2017 single by Davido

"Fall" is a song by Nigerian singer Davido. It was released on 2 June 2017 as the second single from his second studio album, A Good Time (2019). The song was produced by Nigerian record producer Kiddominant. On 25 June 2017, "Fall" was ranked second on Playdata charts' list of the Most Played Songs in Nigeria. According to Rolling Stone magazine, "Fall" was one of the top-100-most-Shazam-searched singles in America in January 2019, and was a top-10 record on Shazam in New York. In February 2019, "Fall" became the longest charting Nigerian pop song in Billboard history. It was ranked 163 on Pitchforks list of the 200 Best Songs of the 2010s.

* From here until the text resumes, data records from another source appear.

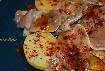 En la fuente de servir, ponemos en el fondo las patatas partidas por la mitad a lo largo, encima vamos colocando la carne partida en trozos. Espolvoreamos con el pimentón y rociamos con un chorro de aceite de oliva virgen extra por encima. Si las encontramos un poco sosas sazonamos al gusto.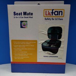 Lil Fan Seat Mate 2-In-1 Car Seat Mat "Texas Longhorns" NIB Slip, Stain Waterproof. Protects car seat from spills, crumbs, etc. Controlled folding design suitable for diferent height of safety car seat. New wedge design perfectly fits any model of vehicle. Folds to fit a no-back booster. Incorporating visual design, easy to place children's belongs and toys. Double-sided, non-slippery design make the safety car set more stable with installation.
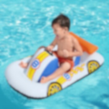 Gummibåd til børn til solrige og glade dage i poolen lavet i flot bildesign. Bestway Sports Car Ride-On gummibåd er 110 x 75 cm stor, har sikkerhedsventiler. Båden er lavet i slidstærkt materiale og er beregnet til børn fra omkring 3 års alderen.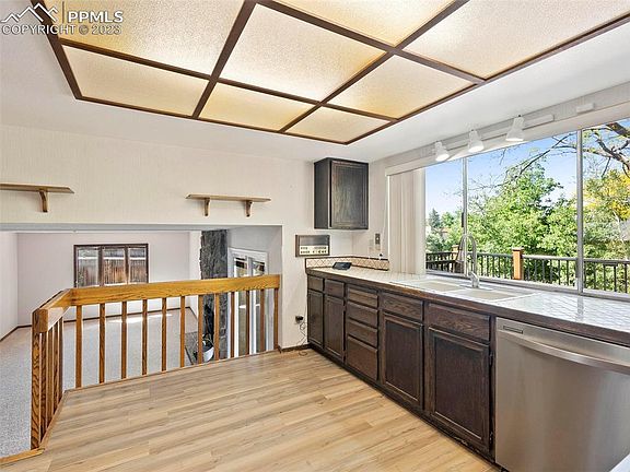 This Village Park beauty tucked away on a cul-de-sac has ample parking and storage plus a gorgeous 28’ x 15’ composite deck (installed 2019) in the fenced back yard backing to Pikes Peak views * Brand new vinyl flooring, carpet and interior paint throughout * Main level boasts vaulted ceilings in the entry and living room plus formal dining room and stainless steel appliances in the kitchen * Walk-out rec room just a few steps down from kitchen and a few steps up from deck has a moss rock fireplace * Moss rock fireplace continues up into the master suite * New storage shed (only 2 years old) next to covered flexible storage space with access to driveway for maximum convenience * Lush green sod yard in front and back * Large windows * Washer and dryer included * Convenient central location – an easy walk to Penrose Elem/Park and just minutes from the acres of hiking and fun in Palmer Park and also the shopping, dining, and entertainment of the Powers Blvd corridor *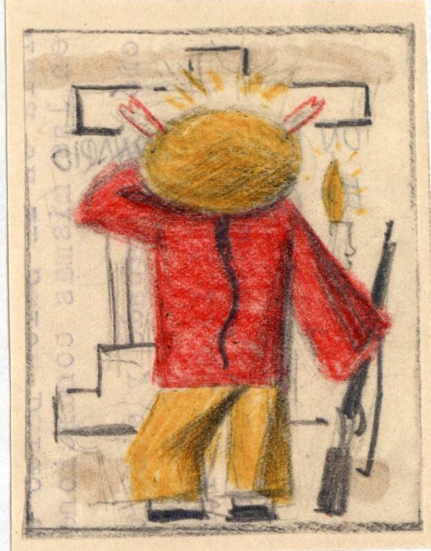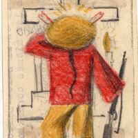 La figura de un chino de espalda con pantalón amarillo, túnica roja, sombrero y una larga trenza observa, mientras coge una escopeta, la imagen de una cruz cuya silueta es negra apoyada en unos escalones. El dibujo se halla enmarcado.Boceto realizado para la ilustración de la revista semanal Novelas y Cuentos. Titulo: Un revolucionario en China. Autor: Pearl S. Buck. Nº publicado: 985. Fecha: 26-03-1950. Tomo NC. 59. PI/. 185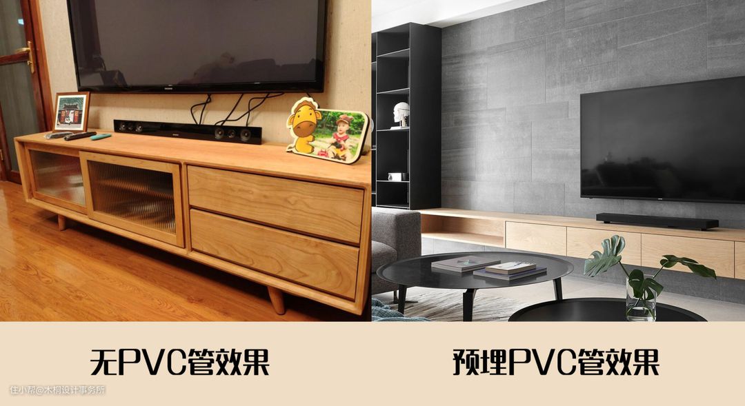 秘密就在电视背景墙里面,在做水电的时候,工人在墙里提前预埋了一根直φ50mm的PVC管。这根管可以作为穿线的通道,像一些电源线、HDMI线、网线、信号线等都能轻松穿入。而且也特别好买,某宝上一搜一大把,价格也便宜。

As of May 2025, "Fall" has received over 100 million streams on Spotify, and has been certified platinum by the RIAA and Music Canada.

==Background==
Davido recorded "Fall" in 2017, and a snippet of it was leaked in May that year. The track contains a sample of Kojo Funds' single "Dun Talking". Following accusations of plagiarism from fans, Davido told Metros Tobi Akingbade that he was inspired by "Dun Talking", and contacted Kojo Funds before releasing "Fall". The song was the first Afrobeats song to be certified gold in the U.S. In February 2019, Busta Rhymes and his artist Prayah released a remix of "Fall". Rhymes used Instagram to build hype around the song before releasing it. However, their version was taken down by YouTube under a directive from Sony Music.

==Music video==
The accompanying music video for "Fall" was directed by Daps. In December 2018, the video surpassed 100 million views, becoming the most-viewed video by a Nigerian artist on Youtube. In the video's early moments, Davido appears to be in a heated argument with his lover. He exits a Rolls-Royce after the argument and spends the rest of the video daydreaming about being with a ballerina from behind a glass window. Toye Sokunbi of The Native magazine said the video "is consistent with his lyrics that he no longer wants to be a player" and that "it comes as no surprise that he is seen at the end of the video, apparently brushing off the temptation of being with someone else".

==Charts==
===Weekly charts===

| Chart (2017–2022) | Peak position |
|---|---|
| Nigeria Airplay (Playdata charts) | 2 |
| US Afrobeats Songs (Billboard) | 18 |
| US R&B/Hip-Hop Airplay (Billboard) | 13 |
| US Hot R&B Songs (Billboard) | 25 |
| US World Digital Song Sales (Billboard) | 3 |

===Year-end charts===

| Chart (2022) | Position |
|---|---|
| US Afrobeats Songs (Billboard) | 40 |

== Certifications ==

| Region | Certification | Certified units/sales |
| Canada (Music Canada) | Platinum | 80,000^{‡} |
| France (SNEP) | Gold | 100,000^{‡} |
| New Zealand (RMNZ) | Gold | 15,000^{‡} |
| United Kingdom (BPI) | Silver | 200,000^{‡} |
| United States (RIAA) | Platinum | 1,000,000^{‡} |
^{‡} Sales+streaming figures based on certification alone.